The broad outlines of the European Union’s budget rules were laid down in 1993 as part of the Maastricht Treaty that paved the way for the euro and stipulate that budget deficits should not exceed 3% of GDP. Those rules were suspended in 2020 to allow governments to respond to the pandemic and then extended to allow support to households during the surge in energy prices following Russia’s invasion of Ukraine. As a result, deficits widened and debts rose.
The projected decline in European deficits mostly reflects the winding down of that emergency support.
But beyond that, painful memories of its debt crisis are likely to ensure that Europe’s governments are more averse to rising deficits.
“We need to bring the public finances back on track,” said Valdis Dombrovskis, the EU official responsible for enforcing the budget rules, at a news conference Tuesday. “Fiscal policy needs to stay prudent.”
European governments don’t want the rules to remain exactly as they were before the pandemic suspension. One significant criticism is that rather than restrain day-to-day spending, the rules have prompted governments to hold back on investment that boosts long-term growth, including to make Europe’s economy greener. Some governments want the new rules to exempt certain kinds of investment spending, while others believe that will make the rules too loose. Since they have not yet found consensus on changes, they may end up subject to the old constraints in 2024.
The U.K. has a different set of self-imposed rules, but also aims to get its budget deficit below 3% of GDP over the coming years. It had a debt scare in late 2022, when then Prime Minister Liz Truss announced a surprise package of large tax cuts, sparking a selloff in the government bond market.

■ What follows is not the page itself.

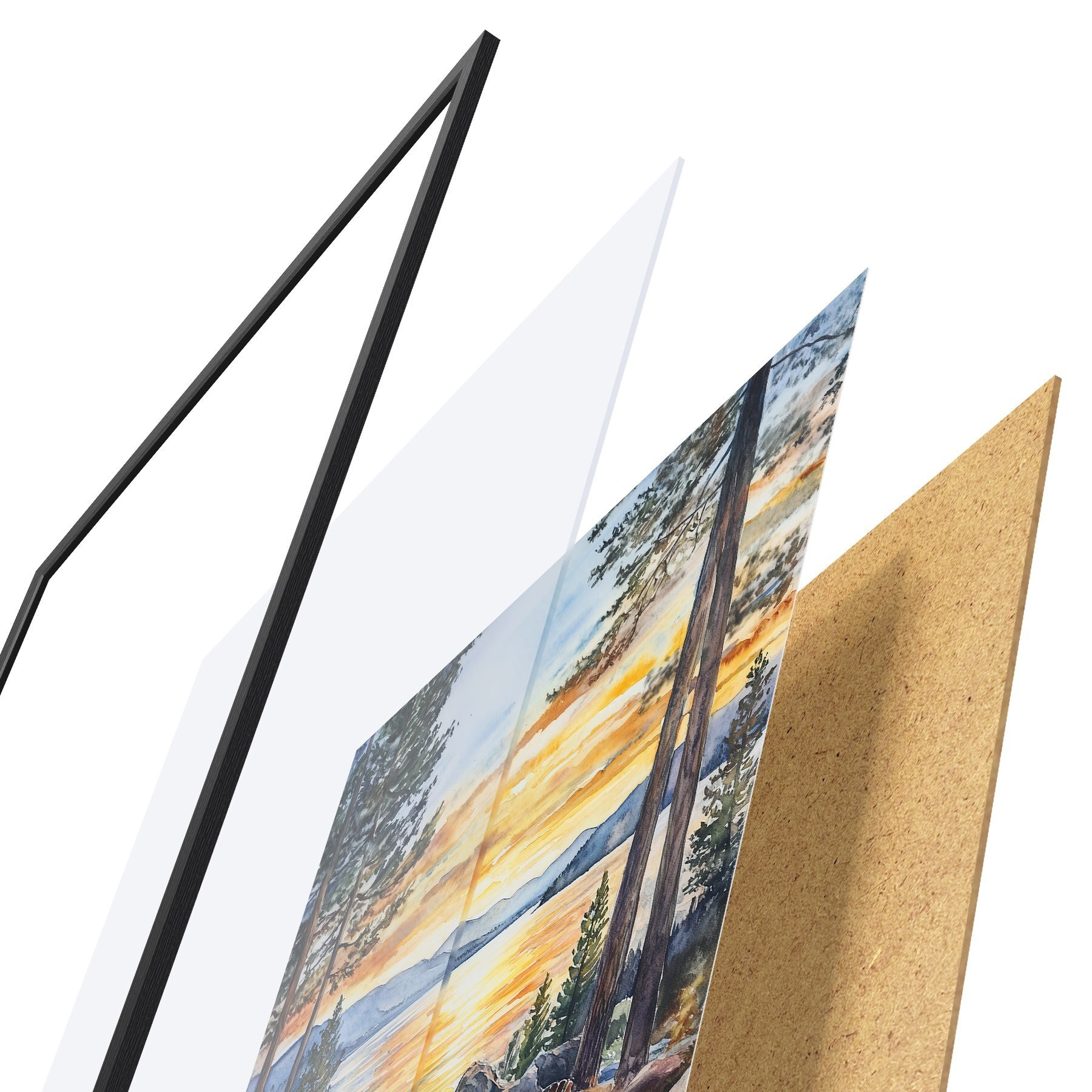 El póster consta de marco, plexiglás, imagen impresa y soporte de aglomerado. El póster puede colgarse inmediatamente en la pared gracias a los soportes de la parte posterior.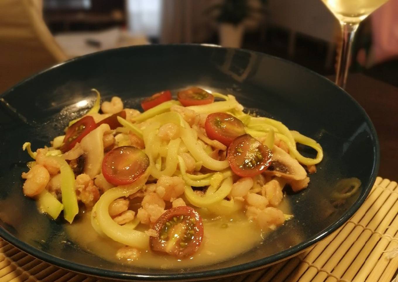 Espagueti de calabacín con champiñones y gambas

Truss was quickly replaced by Rishi Sunak, whose government has instead raised taxes in an effort to bring its debts down by freezing the thresholds at which income-tax rates rise. As incomes increase in line with rapid inflation, more people move into higher tax brackets.
The U.K.’s nonpartisan Institute for Fiscal Studies estimates the freeze could raise an additional £52 billion, equivalent to $63.26 billion, in tax revenues by the fiscal year ending March 2028, or the equivalent of an increase of 6 percentage points in income-tax rates.
Not all European governments are willing to be quite that tough. Both Italy and France have recently announced budgets that see a slower decline in deficits to below the 3% target than initially anticipated. The European Commission could declare the Italian government in breach of the rules, thereby denying it access to a European Central Bank program designed to counter sharp rises in borrowing costs.